Keep the images out while you retype all of the data exactly.

▸ **Collected material**:
+ + +

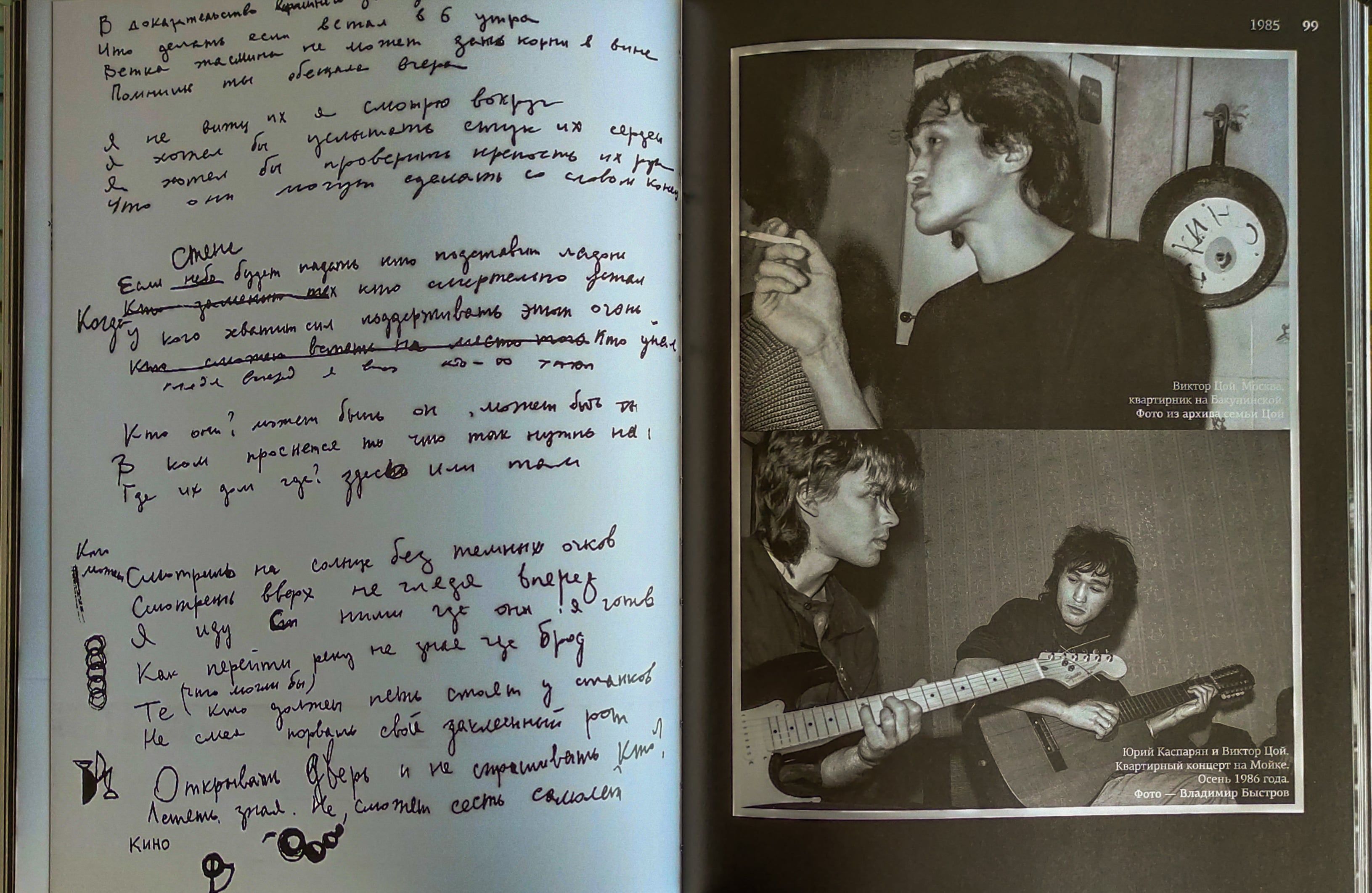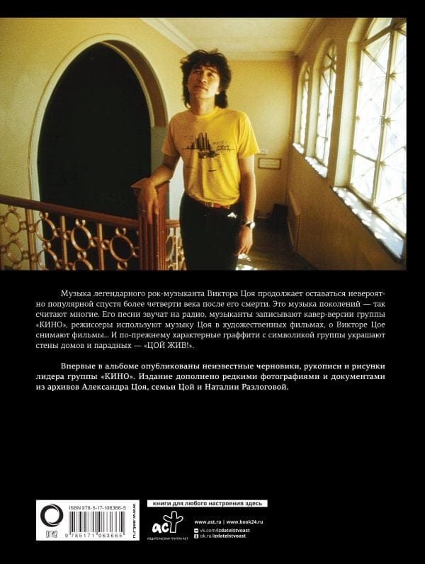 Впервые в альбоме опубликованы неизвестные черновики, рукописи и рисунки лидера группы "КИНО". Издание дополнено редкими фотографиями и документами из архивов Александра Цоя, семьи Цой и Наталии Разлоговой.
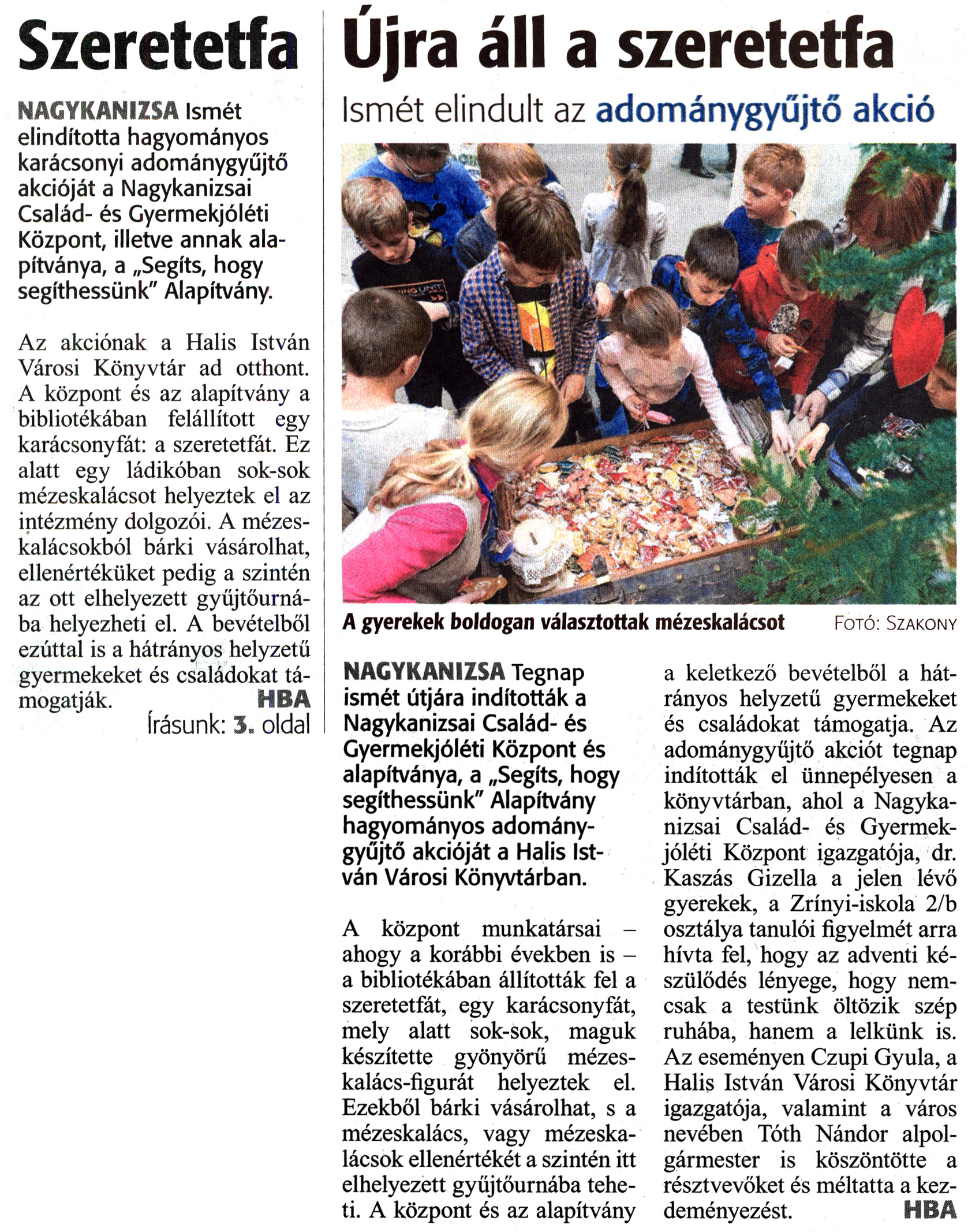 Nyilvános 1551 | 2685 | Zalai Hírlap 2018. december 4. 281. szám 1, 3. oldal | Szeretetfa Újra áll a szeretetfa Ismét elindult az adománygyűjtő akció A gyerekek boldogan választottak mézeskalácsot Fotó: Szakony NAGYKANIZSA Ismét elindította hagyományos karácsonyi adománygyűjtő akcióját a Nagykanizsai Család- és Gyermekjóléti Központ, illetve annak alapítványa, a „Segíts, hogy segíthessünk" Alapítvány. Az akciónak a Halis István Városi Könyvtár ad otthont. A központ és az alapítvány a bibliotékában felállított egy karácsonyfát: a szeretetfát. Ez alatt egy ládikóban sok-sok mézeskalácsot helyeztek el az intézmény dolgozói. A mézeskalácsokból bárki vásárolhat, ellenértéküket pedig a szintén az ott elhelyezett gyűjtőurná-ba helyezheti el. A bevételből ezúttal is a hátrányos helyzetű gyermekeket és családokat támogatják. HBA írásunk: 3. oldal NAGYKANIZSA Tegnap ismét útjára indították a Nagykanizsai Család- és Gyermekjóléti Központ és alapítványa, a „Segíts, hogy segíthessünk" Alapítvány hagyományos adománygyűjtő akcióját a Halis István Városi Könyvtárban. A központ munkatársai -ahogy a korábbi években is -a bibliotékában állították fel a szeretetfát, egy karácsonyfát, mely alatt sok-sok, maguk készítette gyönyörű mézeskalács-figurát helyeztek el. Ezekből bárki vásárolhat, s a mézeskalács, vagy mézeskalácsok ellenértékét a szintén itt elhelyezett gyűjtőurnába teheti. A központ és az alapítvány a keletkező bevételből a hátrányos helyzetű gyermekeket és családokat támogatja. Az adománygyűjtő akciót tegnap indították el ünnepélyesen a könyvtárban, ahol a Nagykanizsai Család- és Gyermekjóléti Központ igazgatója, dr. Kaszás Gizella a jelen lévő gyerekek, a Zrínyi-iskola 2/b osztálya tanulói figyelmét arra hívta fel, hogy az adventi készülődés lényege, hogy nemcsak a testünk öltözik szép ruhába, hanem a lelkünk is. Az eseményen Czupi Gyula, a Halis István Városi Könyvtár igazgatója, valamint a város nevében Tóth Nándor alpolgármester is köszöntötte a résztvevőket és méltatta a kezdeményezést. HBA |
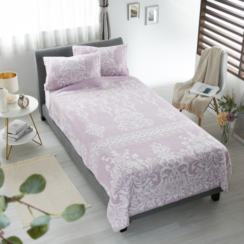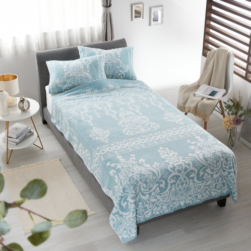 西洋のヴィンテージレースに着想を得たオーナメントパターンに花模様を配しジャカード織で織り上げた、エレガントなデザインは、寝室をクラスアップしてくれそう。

+ + +

▸ **Written solution**:
 Впервые в альбоме опубликованы неизвестные черновики, рукописи и рисунки лидера группы "КИНО". Издание дополнено редкими фотографиями и документами из архивов Александра Цоя, семьи Цой и Наталии Разлоговой.
 Nyilvános 1551 | 2685 | Zalai Hírlap 2018. december 4. 281. szám 1, 3. oldal | Szeretetfa Újra áll a szeretetfa Ismét elindult az adománygyűjtő akció A gyerekek boldogan választottak mézeskalácsot Fotó: Szakony NAGYKANIZSA Ismét elindította hagyományos karácsonyi adománygyűjtő akcióját a Nagykanizsai Család- és Gyermekjóléti Központ, illetve annak alapítványa, a „Segíts, hogy segíthessünk" Alapítvány. Az akciónak a Halis István Városi Könyvtár ad otthont. A központ és az alapítvány a bibliotékában felállított egy karácsonyfát: a szeretetfát. Ez alatt egy ládikóban sok-sok mézeskalácsot helyeztek el az intézmény dolgozói. A mézeskalácsokból bárki vásárolhat, ellenértéküket pedig a szintén az ott elhelyezett gyűjtőurná-ba helyezheti el. A bevételből ezúttal is a hátrányos helyzetű gyermekeket és családokat támogatják. HBA írásunk: 3. oldal NAGYKANIZSA Tegnap ismét útjára indították a Nagykanizsai Család- és Gyermekjóléti Központ és alapítványa, a „Segíts, hogy segíthessünk" Alapítvány hagyományos adománygyűjtő akcióját a Halis István Városi Könyvtárban. A központ munkatársai -ahogy a korábbi években is -a bibliotékában állították fel a szeretetfát, egy karácsonyfát, mely alatt sok-sok, maguk készítette gyönyörű mézeskalács-figurát helyeztek el. Ezekből bárki vásárolhat, s a mézeskalács, vagy mézeskalácsok ellenértékét a szintén itt elhelyezett gyűjtőurnába teheti. A központ és az alapítvány a keletkező bevételből a hátrányos helyzetű gyermekeket és családokat támogatja. Az adománygyűjtő akciót tegnap indították el ünnepélyesen a könyvtárban, ahol a Nagykanizsai Család- és Gyermekjóléti Központ igazgatója, dr. Kaszás Gizella a jelen lévő gyerekek, a Zrínyi-iskola 2/b osztálya tanulói figyelmét arra hívta fel, hogy az adventi készülődés lényege, hogy nemcsak a testünk öltözik szép ruhába, hanem a lelkünk is. Az eseményen Czupi Gyula, a Halis István Városi Könyvtár igazgatója, valamint a város nevében Tóth Nándor alpolgármester is köszöntötte a résztvevőket és méltatta a kezdeményezést. HBA |
 西洋のヴィンテージレースに着想を得たオーナメントパターンに花模様を配しジャカード織で織り上げた、エレガントなデザインは、寝室をクラスアップしてくれそう。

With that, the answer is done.